- [WORK REQUIRED] All of the data that follows should be retyped exactly, please, except the pictures.

- [GIVEN DATA]

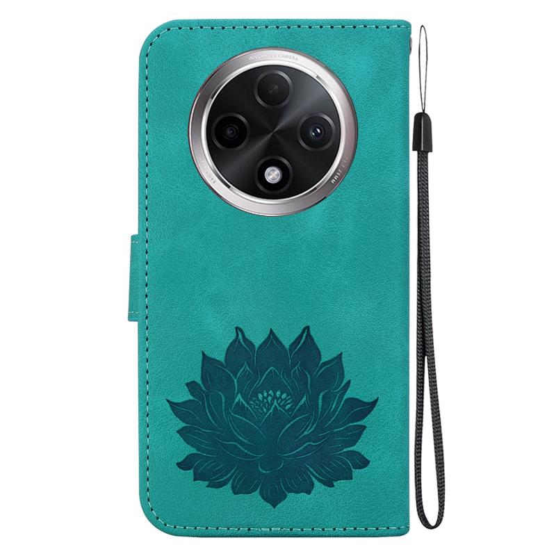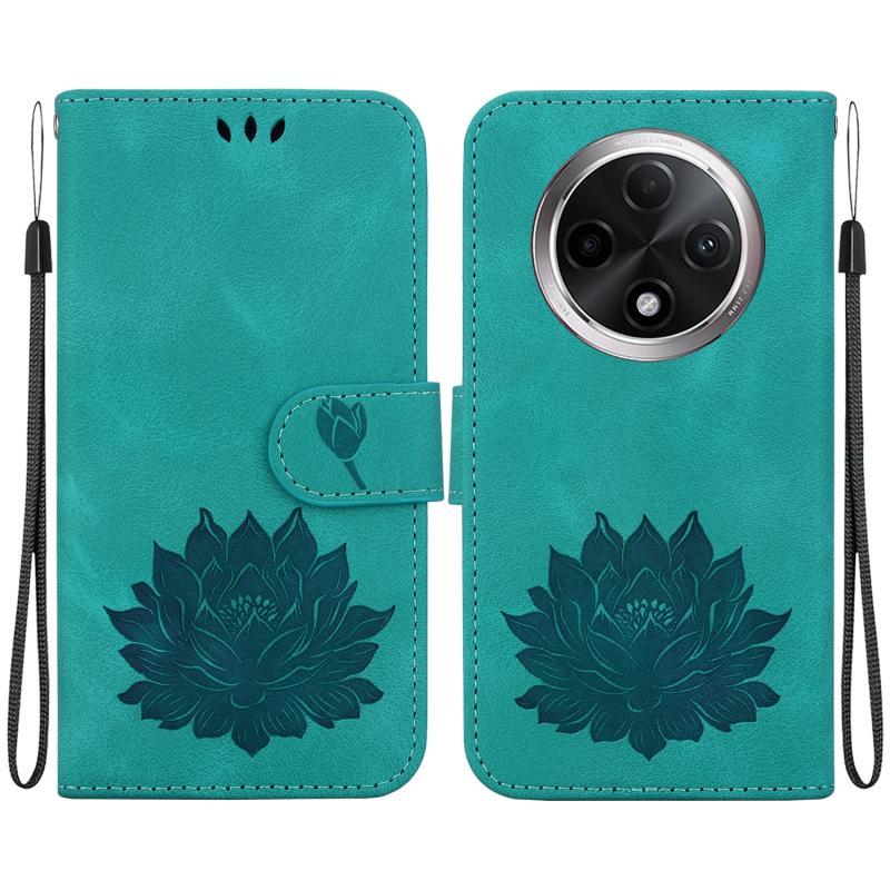For OPPO A3 Pro 5G Lotus Embossed Leather Phone Case(Green)
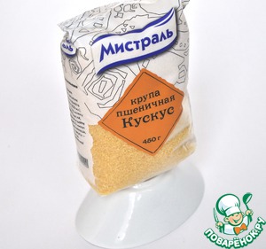 Кускус залить небольшим количеством кипяченой воды. Накрыть плотно крышкой, дать набухнуть минут 5-7.
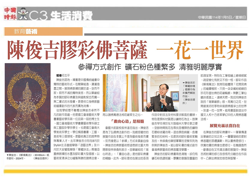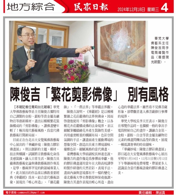 傳統佛畫都是以具象宗教人物為主角,供奉於神聖場域中,不免讓人產生「與生活美感脫節」的想法,然而在華梵大學佛教藝術學系主任陳俊吉的筆下,大膽採用自己調製的金粉、銀粉等貴金屬及礦物岩等創新媒材,畫出以種種繁花裝飾構成的「剪影佛像」,在手電筒等光線照射下,呈現「曖曖內含光」的低調奢華,讓佛畫變年輕,也極具現代藝術風格,

- [REPLY TO THE EXERCISE]
For OPPO A3 Pro 5G Lotus Embossed Leather Phone Case(Green)
 Кускус залить небольшим количеством кипяченой воды. Накрыть плотно крышкой, дать набухнуть минут 5-7.
 傳統佛畫都是以具象宗教人物為主角,供奉於神聖場域中,不免讓人產生「與生活美感脫節」的想法,然而在華梵大學佛教藝術學系主任陳俊吉的筆下,大膽採用自己調製的金粉、銀粉等貴金屬及礦物岩等創新媒材,畫出以種種繁花裝飾構成的「剪影佛像」,在手電筒等光線照射下,呈現「曖曖內含光」的低調奢華,讓佛畫變年輕,也極具現代藝術風格,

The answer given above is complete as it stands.